Roger records your mic and everything you hear from the system on two separate tracks, encodes both as M4A on stop, then runs Whisper on each and SpeakerKit on the remote track to label participants. The result lands in a per-meeting folder under `~/Documents/Roger Recordings/` (configurable) with `mic.m4a`, `system.m4a` and `transcript.md`. The markdown carries YAML frontmatter so a knowledge base can ingest it directly. Audio is chunked to disk every 30 minutes, so a crash mid-call doesn't lose work — Roger offers to resume finalizing on next launch. Start from the menu bar item or assign a global hotkey under Settings › Recordings. Turn on mic-side speaker detection there too if more than one person speaks into the same mic.

### Presets

| Preset | What it does |
|--------|-------------|
| **Plain** | Strips filler words and repeated words.
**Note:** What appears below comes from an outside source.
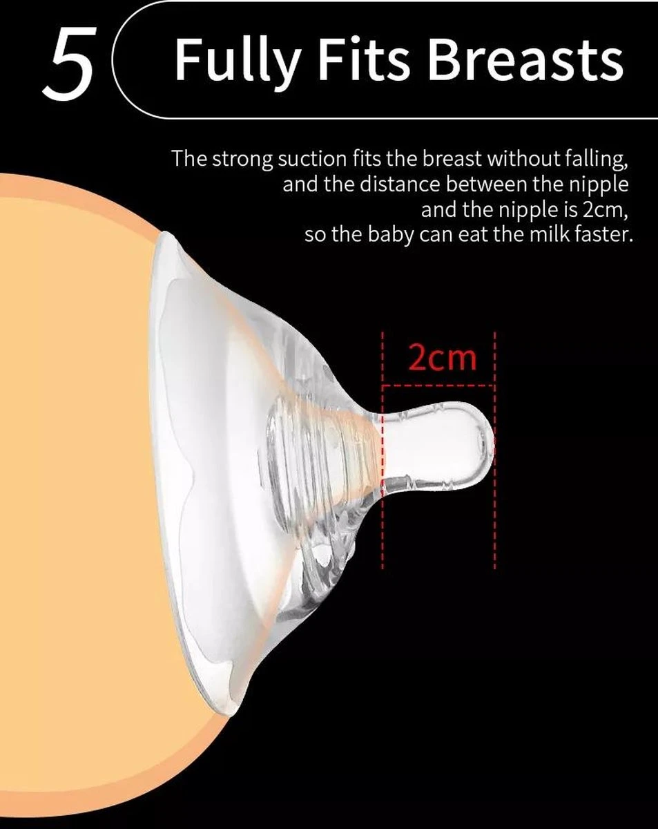 - Maakt borstvoeding mogelijk ondanks aanlegproblemen of pijnlijke, platte of ingetrokken tepels

No AI needed. |
| **Polished** | Adds punctuation, capitalization and paragraph breaks. |
| **Professional** | Full cleanup with an AI rewrite for send-ready prose. |
| **Code** | Preserves technical terms, function names and code references. |
| **Caveman** | Drops articles and pleasantries. Short, blunt, fragments OK. |
| **Yoda** | Rewrites in Yoda's speech pattern. Fun, you will have. |
| **Emoji** | Sprinkles emojis through the text the way a friend would text. |
| **Custom** | Your own pipeline — pick which steps run, write your own prompts, add a dictionary. |

Each preset also controls what lands at the cursor: append nothing, a space or a newline, and optionally press Return after insertion — useful for firing dictated prompts directly into a chatbox.

### AI Providers

| Provider | Type | Notes |
|----------|------|-------|
| **Apple Intelligence** | Local | On-device, macOS 26+, zero setup |
| **Ollama** | Local | Your Mac, your NAS, your homelab |
| **Claude** | Cloud | Anthropic API |
| **OpenAI** | Cloud | OpenAI API |

## Privacy

Roger is built around a simple principle: your voice is yours.

- **Speech recognition** is 100% on-device. Audio never leaves your Mac.
- **Local AI** (Apple Intelligence, Ollama) keeps your text on your machine too.
- **Cloud providers** are opt-in and clearly marked. Your text is sent to their servers only if you choose to.

## License

MIT License — See [LICENSE](LICENSE) for details.